I remember one time when this truck driver got to Kandahar in December. Brand new. Just off the bus. He was so wet behind the ears I had to tell him where the chow hall was. He kept rubbing his hands together and I pointed out the PX where he could buy some gloves. He went on his first convoy an hour later. This guy, he got in his rig, took off, but realized he was in the wrong convoy. He turned back to the base and approached the gate fast because he was out in no man’s land by himself. Y
ou didn’t approach the gate fast. You didn’t do that. But he was scared. Some Australians shot him five times with a .50 cal. I mean, he was obliterated. They had to check his DNA to figure out who he was. Less than two hours after I showed him the chow hall, I saw them put his body pieces in bags.
Evening
Fran tells me what I’m planning is called a geographic. Moving to get a new start somewhere else in the mistaken belief you’ll leave your bad habits behind is how she puts it. She studied psychology last fall and thinks she can pick apart my mind now.
I mean it. I’m gone, I say.
She goes, When you decide to do it, just go. Don’t bother telling me because I’m not going with you. Men have left me before. I survived. I’ll survive you. Leave before I come home. Make it easy on us both.
I will, I say. I can do that.
Okay, she goes, okay.
Next day
Just me in here this afternoon.
What’s the latest on Gene? I ask Mike.
Haven’t heard a thing, he says.
Mike has owned Mike’s for ten years. He was in a band, got married, and had a kid. In other words, time to get a real job. So he bought the bar and named it after himself. He’s divorced now, sees the kid every two weeks, plays gigs occasionally, and runs this place. Says if he ever sells it, the buyer will have to keep the name. Years from now nobody will know who the hell Mike was but his name will be here. A piece of himself nobody will know and can’t shake off. That’s one way to make an impression.
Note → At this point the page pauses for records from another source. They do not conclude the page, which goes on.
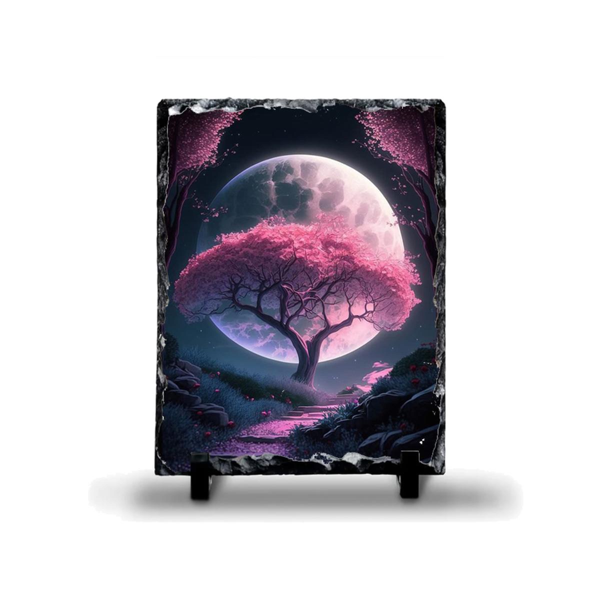 This Blossom tree moon photo rock slate is a unique and stylish addition to your home decor collection. The rock slate is made of high-quality Material, this is made of durable rock slate, this photo frame ensures longevity and a modern yet unique look. The rock slate is perfectly sized at 15 x 20 cm, this frame is ideal for showcasing this beautifully printed elephants photo. Comes with a stand for easy display on any tabletop or shelf, adding charm to any room.
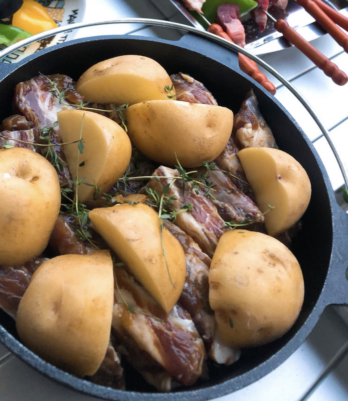 じゃがいもと一緒にダッチオーブンに入れてゆっくり火を通し
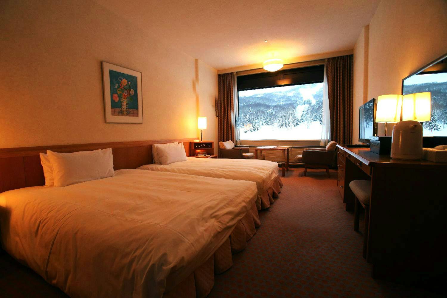 ゲレンデ側に面したツインルームB。ベッド2台とソファーベッド1台で、3名さまでご利用いただけます。洗面台が独立している機能的なレイアウトとなっております。

I first came to Mike’s by chance. I used to drink at another bar on the Paseo but one night it was packed. After Kandahar, I couldn’t handle crowds, so I left. On my way home, I stopped at Mike’s. Some lights on but barely anyone in it. I had a few beers and came back the next night. Two nights in a row and Mike figured he had himself a new regular. He bought me a beer and said his name was Mike. We shook hands. Sealed the deal, as they say.
I met Fran here. She was shooting pool by herself. Bent over the table, her ass jutted high and round against her jeans, and any man with a nut sack would have known that if she looked that nice from behind she’d be more than tolerable face-to-face. And, if she wasn’t, so what with an ass like that. But she was fine all the way around.